BEGIN Data provided

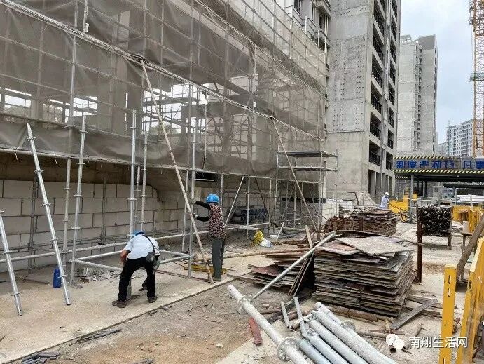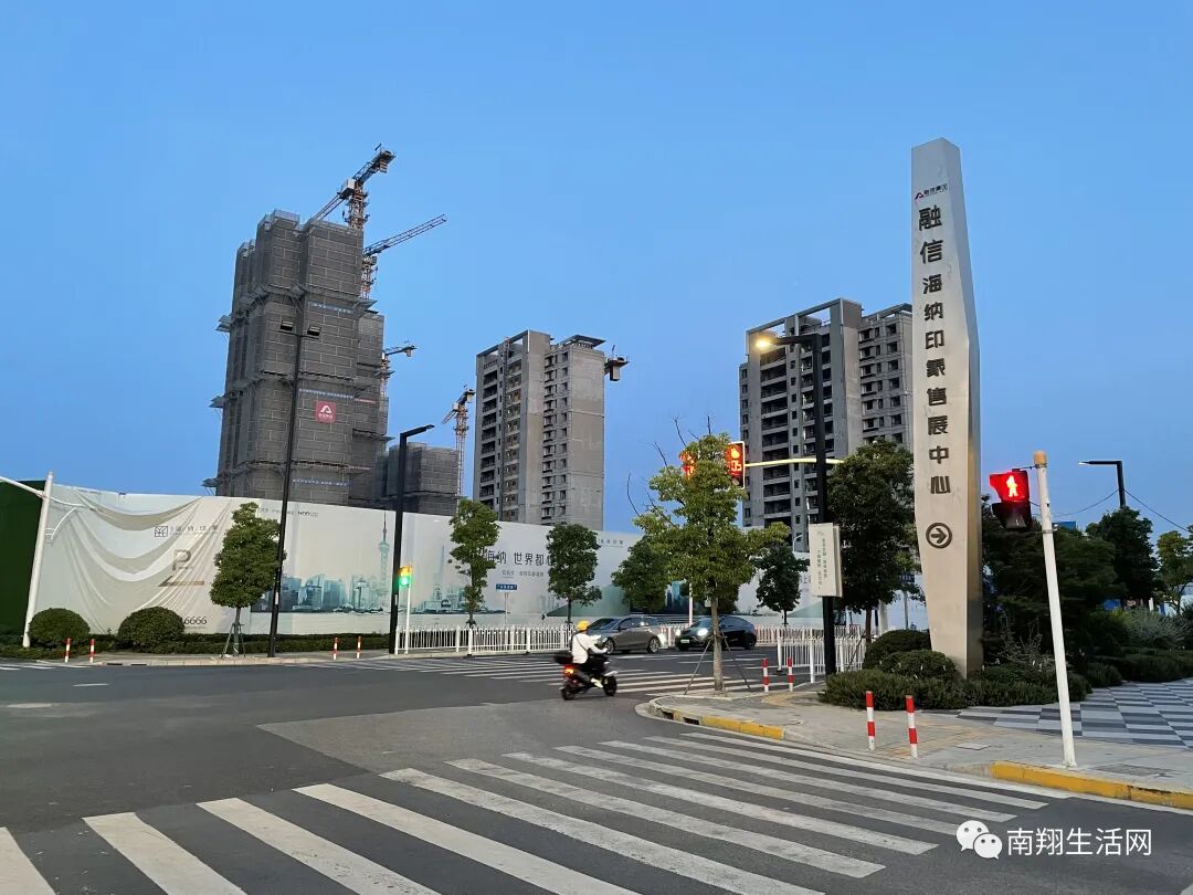 跟工人交谈得知,受上海疫情影响,在6月初逐渐恢复后,工人已陆续到位。工程项目方表示,会全程从严把控安全质量,有序推进工程建设进度,力争提前竣工交付给业主。     (2022年6月21日13:00  乐居实拍图)   今日傍晚,南翔生活网小编路过融信南翔项目,也进行了项目的外场记录。
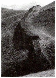 秦长城(如右图)是军事性防御工程,凝聚着我们祖先的血汗和智慧。如今长城是中华民族聪明智慧和充满向心力、凝聚力的精神象征,是中华民族古老文化的丰碑,象征着中华民族的血脉相承和民族精神。
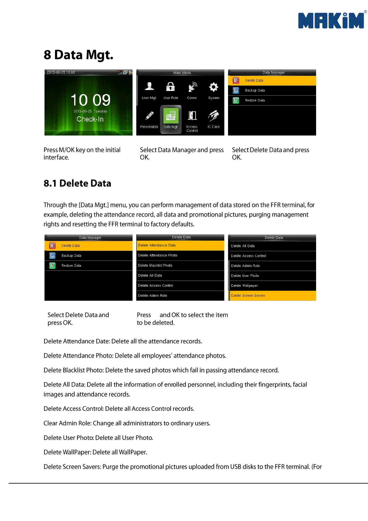 Makim D20 - 8 Data Mgt.; 8.1 Delete Data

END Data provided

_Task directions:_ Your task is to reproduce exactly the lines from the one that holds "秦长城(如右图)是军事性防御" to the last line of the listing, and only those, omitting the pictures.

_Exercise result:_
 秦长城(如右图)是军事性防御工程,凝聚着我们祖先的血汗和智慧。如今长城是中华民族聪明智慧和充满向心力、凝聚力的精神象征,是中华民族古老文化的丰碑,象征着中华民族的血脉相承和民族精神。
 Makim D20 - 8 Data Mgt.; 8.1 Delete Data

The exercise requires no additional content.